In memory of John Lobdell


Melissa Stagnaro

Some friends and I debated religion a few weeks ago. It was more of a philosophical discussion, really, rather than faith-based. We talked about the development of different belief structures, the purpose of organized religion and the varying roles that religious faith plays in society.

I realized yesterday, while attending a memorial service at St. Bart’s, that we had failed to mention one very import role of religion. Comfort.

It was comfort I was seeking as I sat in that pew struggling to make sense of the death of a young man who had fought a fierce battle against cancer.

And it was comfort that I found (at least to some extent), not from solemn readings and hymns, but from the stories told by those who knew this man best.

We were gathered to morn the loss of a husband, father, brother, son, classmate and dear, dear friend. But with those stories, we were able to celebrate his life. And what a life it was.

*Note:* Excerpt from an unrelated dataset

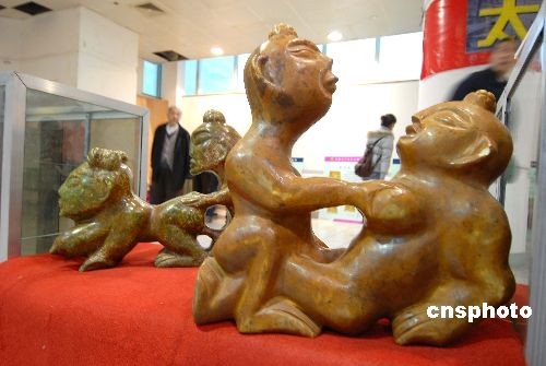 3月8日,30余件性文化展品出現(xiàn)在杭州世貿(mào)中心,受到不少市民關(guān)注。據(jù)悉,2008年首屆中國(guó)杭州品質(zhì)生活與生殖保健產(chǎn)品展覽會(huì)在杭舉行,展覽展出保健食品、生殖健康產(chǎn)品、生殖健康宣教制品等。中新社發(fā) 引煒 攝

Filled with love, laughter and light.

As evidenced by the crowded church, John Lobdell touched many lives. He was, quite simply, a legend in Oxford. Whether or not you traveled in the same circles, you knew John. He was larger than life. And to contemplate his death at the age of 35, is almost unfathomable.

I can’t claim to have known John as well as many of those that attended the mass, but he still helped create some of my best high school memories. And as those who knew and loved him best shared their stories (leaving out the ones deemed inappropriate for the surroundings), I could almost feel John’s presence and hear his laugh.

My thoughts and prayers go out to his loving wife and two beautiful sons, his mother and sisters, close friends and all the rest of that he has left behind. May you all find some comfort in the fact that memories of John live on in the hearts of many.

You will be missed by many, John. And you will always be remembered with love and laughter.